[IPOL discuss] Fast DCT using FFTW3

Tue Feb 28 16:02:15 CET 2012

Hi Nicolas,
> Thanks for sharing the code, maybe you can put it somewhere in the
> wiki?
Sure, I'll add it to the wiki.

> * The float variant is faster, for the simple reason that the data
>   takes less place in the CPU cache, hence less memory<->CPU
>   transfers. If 6 decimals are enough for you, which is probable if
>   your input data comes from a 8bit image, single precision is worth
>   trying.

I agree. And it's not only a speed issue, but floats need the half amount
of memory than doubles.

> * Instead of copying the data from u to FFT_in, I think you could
>   directly process a block of u with the advanced FFTW3 interface
>   ->
> http://fftw.org/fftw3_doc/Advanced-Real_002dto_002dreal-Transforms.html
>   This would save a possibly expensive copy.
>
> * If you want to copy from u to FFT_in, you could use a memcpy instead
>   of the inner for() loop; this could be faster, nested loops are
>   often a big performance penalty. You could do something like
>
>       for (int j = 0; j < w; j++)
>           memcpy(FFT_in + j*w, u + (y+j)*Nx+x, w * sizeof(double));
>
> * Still about loops, you could use a single loop instead of the two
>   external ones, something like
>
>       /* z is the upper left block corner indice */
>       for (int z = 0; z < Nx * (Ny - w), z++) {
>           if (z % Nx > Nx - w)
>               continue; /* skip borders */
>           for (int i = 0; i < w; i++)
>               memcpy(FFT_in + i*w, u + z+Nx*i, w * sizeof(double));
>           fftw_execute(fft_plan);
>           ...
>       }
>
>   But without more comments, this code is harder to understand.
>
> * Multiplications are faster than divisions, so you could do
>
>     double inv_2w = 1. / ( 2 * w);
>
>     for (...)
>         FFT_out[...] *= inv_2w;
>
>   Same thing for sqrt, you only need it once:
>
>     double inv_sqrt2 = 1. / sqrt(2);
>
>     for (...)
>        FFT_out[...] *= inv_sqrt2;
>
>   Some compiler may recognize these optimizations automatically, some
>   will not. This formula may also have a small impact on the rounding
>   error.

Thank you for all your suggestions.
You're right, the code can be modified to improve it's speed.
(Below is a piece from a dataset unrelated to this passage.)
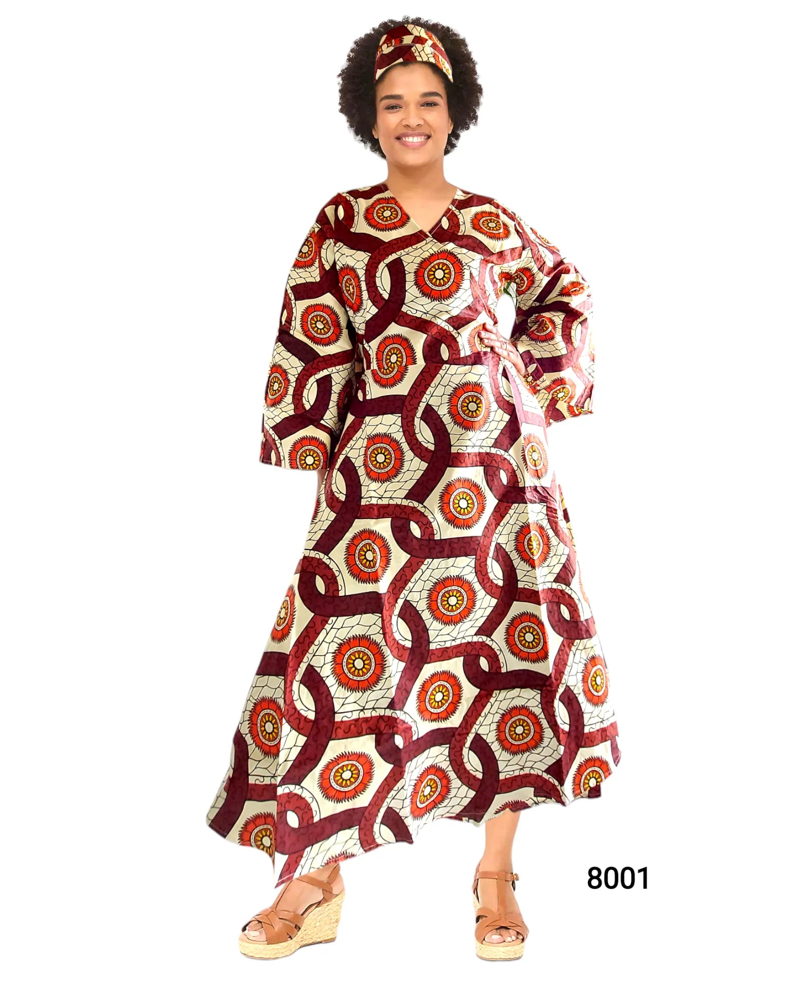 Graceful, versatile, and effortlessly chic—the 8001 Wrap Dress With Bell Sleeves is a timeless addition to your wardrobe. Expertly crafted from 100% African cotton, this authentic long wrap dress offers breathable comfort while delivering elevated style.

I just
wanted to show a very clear piece of code that shows how to compute the
orthonormal 2D DCT-II with FFTW.

However, it's true that using the advanced interface may be faster that
executing several times the same plan and therefore it should be used.

About the multiplications speed and pre-storing constants to use them
later, my experience with GCC is that it's asked to optimize the code
(-O3, I think), it computes in compile-time the constants.

It even analyzes the numerical expressions and tries to compute it the
shorter and faster way.
For example, if y = f(y) + 2*f(y) + 3*f(y), it doesn't call f(y) three times.

It's true that other compilers perhaps doesn't have such a set of high
level  optimizations, but GCC is almost omnipresent.

I'll add a version of the code using the advanced interface in the wiki,
however.

Best,
Miguel